| Assigned task |
If a picture appears, leave it out, and reproduce exactly the lines from the start of the listing below through the one bearing "소잉교육절차 1차,2차,3차 로 나누어서 선택가능.".

| The records |
======

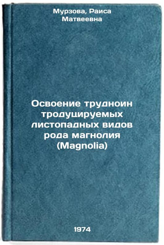 In Russian. Murzova, Raisa Matveevna. [Mastering hard-to-introduce deciduous species of the Magnolia genus]. Tashkent: Fan of the Uzbek SSR, 1974. Osvoenie trudnointrodutsiruemykh listopadnykh vidov roda magnoliya (Magnolia). In Russian /Mastery of hard-to-introduce deciduous magnolia species. All images are for identification of editions only. Several books of the same edition may be available. Please feel free to request photos of available books. SKU7383593
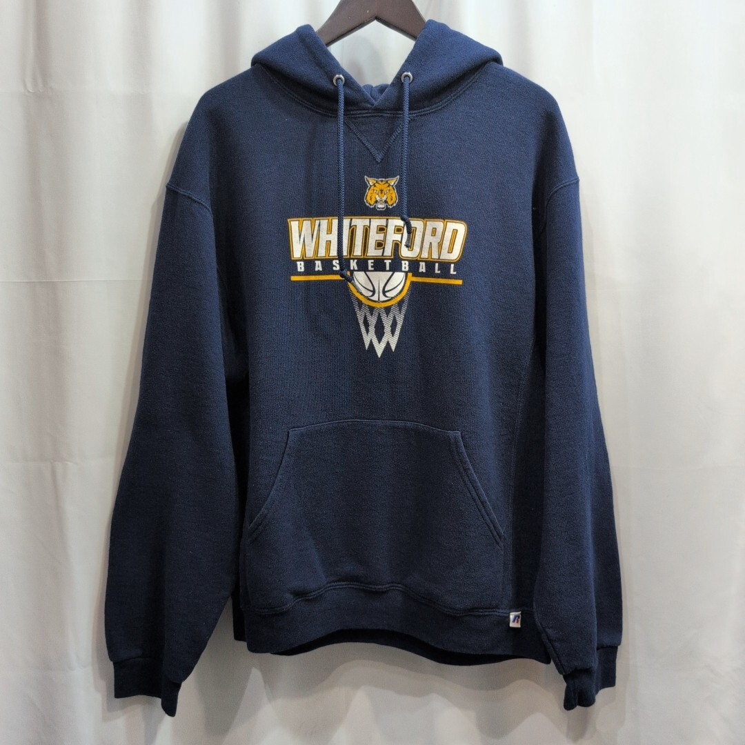 - RUSSELL ATHLETIC ラッセルアスレチック WHITE FORD BASKETBALL プリント パーカー M メンズ 長袖 フーディー ネイビー 紺 裏起毛
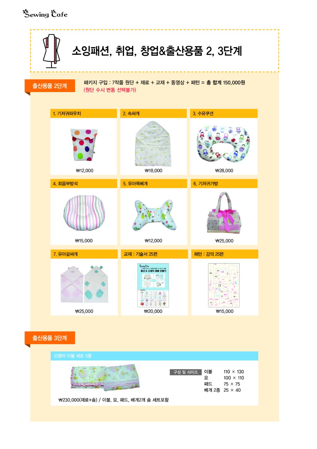 소잉교육절차 1차,2차,3차 로 나누어서 선택가능.
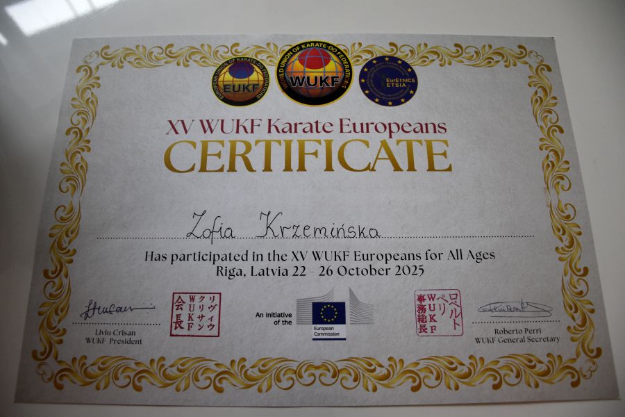 W dniach 22 -26 października 2025 r. uczennica naszej szkoły Zofia Krzemińska, zawodniczka Klubu Karate Białobrzegi IKA Poland wzięła udział w 15 mistrzostwach Europy WUKF w karate, które odbyły się w Rydze.
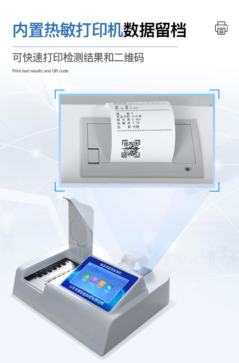 4、 配備嵌入式熱敏打印機,可選擇手動打印或者自動打印,三分鐘出打印結果。
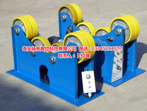 焊接滾輪架,是利用主動滾輪與焊件之間的摩擦力帶動工件旋轉的變位設備。滾輪架可根據工件直徑大小自動調節輪組的擺角,并能自動調心。滾輪架主要用于管道、容器、鍋爐、油罐等圓筒形工件的裝配或焊接,滾輪架當與焊接山東操作機、焊接電源配套時,可以實現工件的內外縱縫和內外環縫焊接。滾輪架充分吸取了國內外同類產品的優點,具有工藝、質量可靠、操作簡單、傳動噪聲低、工件回轉平穩等優點。滾輪架是實現壓力容器及筒狀工件焊接自動化、半自動化的必備設備。自調式滾輪架滾輪驅動采用變頻調速電動機,可按焊接規范進行無極調速,具有焊接速度調速范圍寬、轉動平滑性好、低速特性硬等特點。當對主、從滾輪架的高度作適當的調整后,也可進行錐體、分段不等徑回轉體的裝配與焊接。對于一些非圓長形焊件,若將其卡在特制的環形卡箍內,也可在焊接滾輪架上進行裝焊作業。特別是自調式、可調式焊接滾輪架系列
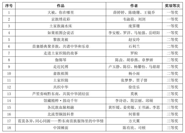 本次大赛以“视频说中华”为主题,依托我校民族学博物馆馆藏文物资源,引导青年学子用镜头语言解码文物背后的中华民族共同体密码,涌现出一批兼具学术深度与传播活力的优秀作品。为确保评审专业性,民族学博物馆成立了大赛作品评审小组,由民族学博物馆副馆长庾华担任评审会主持人,成员包括民族学博物馆副馆长林毅红、创新创业学院副院长杨海健、校团委副书记蓝永丽、民族学博物馆公共服务部主任蓝李丹。评审小组从主题契合度、文物关联性、艺术表现力、传播价值4个维度对作品进行严格筛选,最终评选出一等奖4名、二等奖6名、三等奖8名以及优秀奖若干。详情如下:
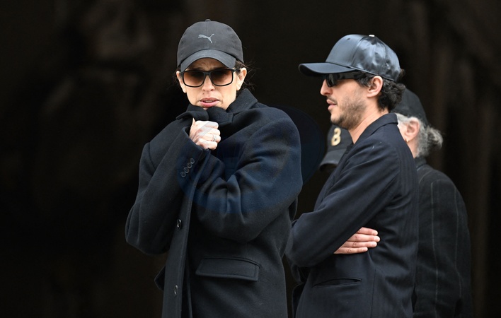Maïwenn et son fils Diego Le Fur - Arrivées aux obsèques de Jean-Yves Le Fur en l'église Saint-Roch à Paris, le 6 avril 2024. The funeral of Jean-Yves Le Fur at the Saint-Roch church in Paris, April 6, 2024.
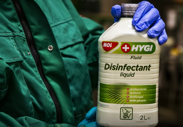 Azt írták: a koronavírus-járvány globális elterjedésével az egész világon hatalmas lett az igény a kéz- és felületfertőtlenítők iránt. Ezért a Mol-csoporthoz tartozó és kenőanyagok gyártásával foglalkozó Mol Lub Kft. két hét alatt átállította almásfüzitői üzemének egyik, korábban szélvédőfolyadékot készítő gyártósorát fertőtlenítőgyártásra. Az egység március utolsó napjaiban kezdte meg a termelést.
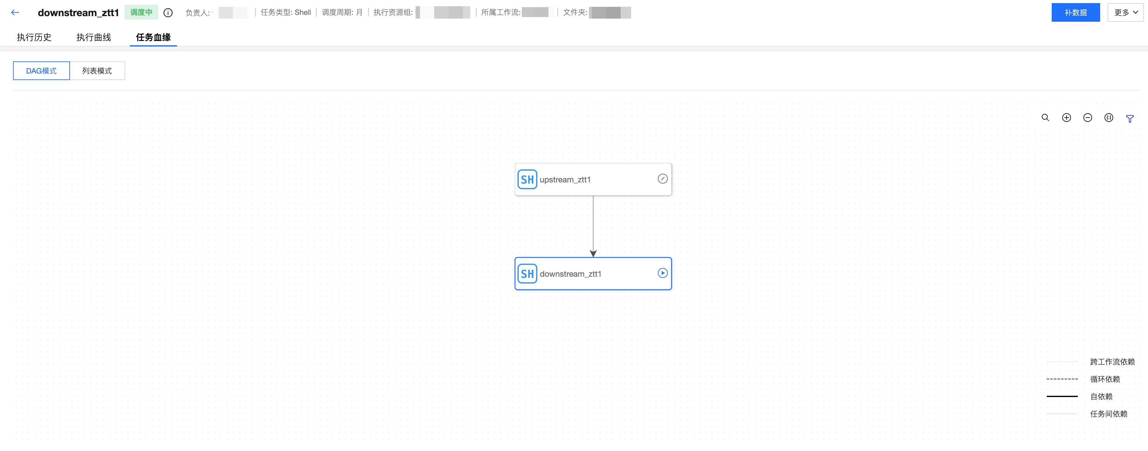 任务血缘 | 展示当前任务的血缘信息。 分为 DAG 模式和列表模式,血缘关系复杂、节点较多的场景推荐使用列表模式。 任务血缘的 DAG 图中提供了当前节点的上下游任务,支持通过状态进行筛选。可选状态包括调度中、已暂停、已下线、已失效。 ![]() |
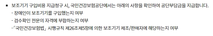 보조기기는 반드시 공단에 등록된 업소에서 구입해야 하며, 보청기 구입 후에는 이비인후과 전문의에게 검수 확인을 받아야 합니다. 보청기 착용 1개월 이후에는 음장검사를 통해 실제 청력 개선 효과가 있는지를 확인해야 하며, 효과가 있다고 판단된 경우에만 급여 지급이 가능합니다.
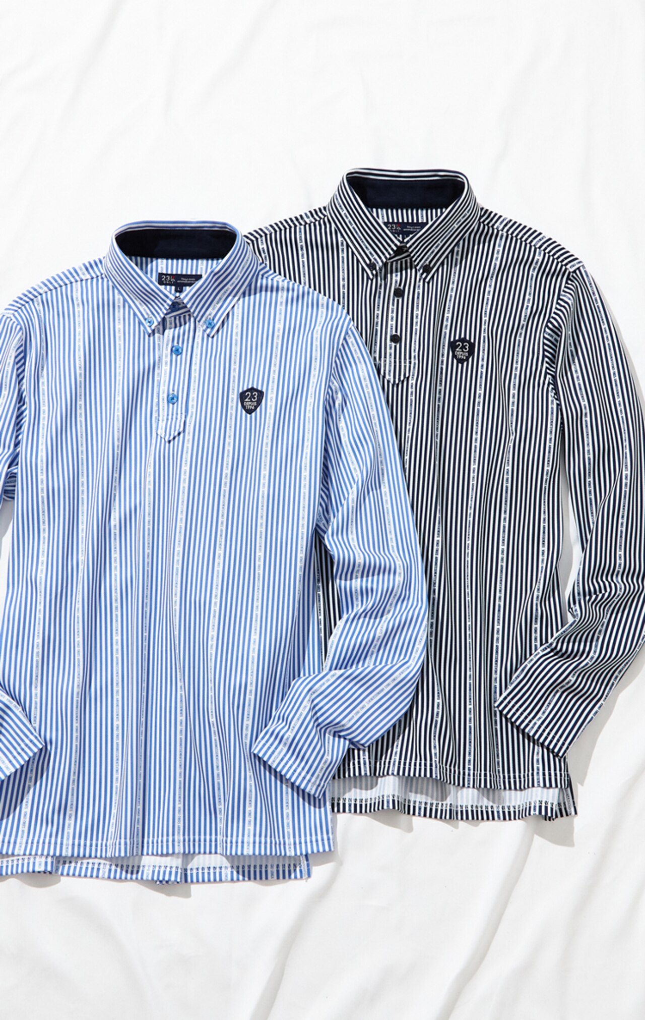 紳士的で凛々しいストライプ柄は、永続的に愛される定番柄。そんなストライプ柄にブランドロゴを加え、23区GOLFらしく価値観ある一枚に仕上げた今シーズンのストライプシャツ。
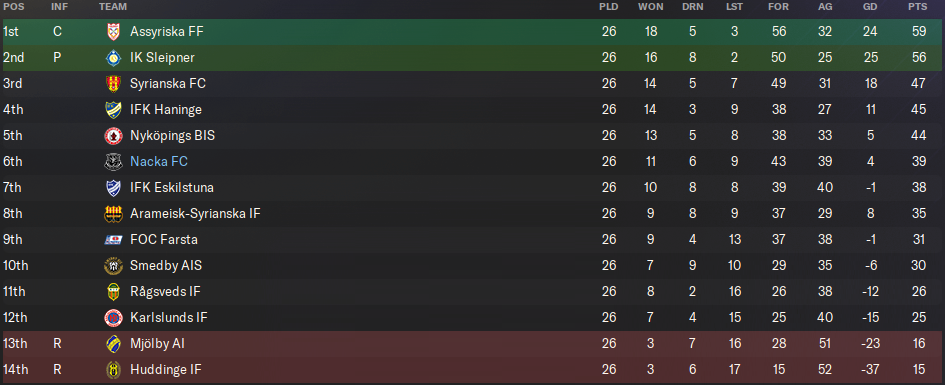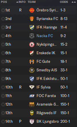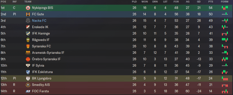 Nacka are projected to finish 4th in the 2024 season. After my last save, I’m honestly relieved that we’re not 91-1 on for promotion!
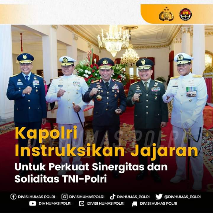 Jakarta| Jejakkriminal.com- Kapolri Jenderal Polisi Drs. Listyo Sigit Prabowo, M.Si., menginstruksikan kepada seluruh jajaran Kepolisian untuk mempertahankan dan memperkuat sinergitas serta soliditas antara TNI-Polri.

======

| Written answer |
 In Russian. Murzova, Raisa Matveevna. [Mastering hard-to-introduce deciduous species of the Magnolia genus]. Tashkent: Fan of the Uzbek SSR, 1974. Osvoenie trudnointrodutsiruemykh listopadnykh vidov roda magnoliya (Magnolia). In Russian /Mastery of hard-to-introduce deciduous magnolia species. All images are for identification of editions only. Several books of the same edition may be available. Please feel free to request photos of available books. SKU7383593
 - RUSSELL ATHLETIC ラッセルアスレチック WHITE FORD BASKETBALL プリント パーカー M メンズ 長袖 フーディー ネイビー 紺 裏起毛
 소잉교육절차 1차,2차,3차 로 나누어서 선택가능.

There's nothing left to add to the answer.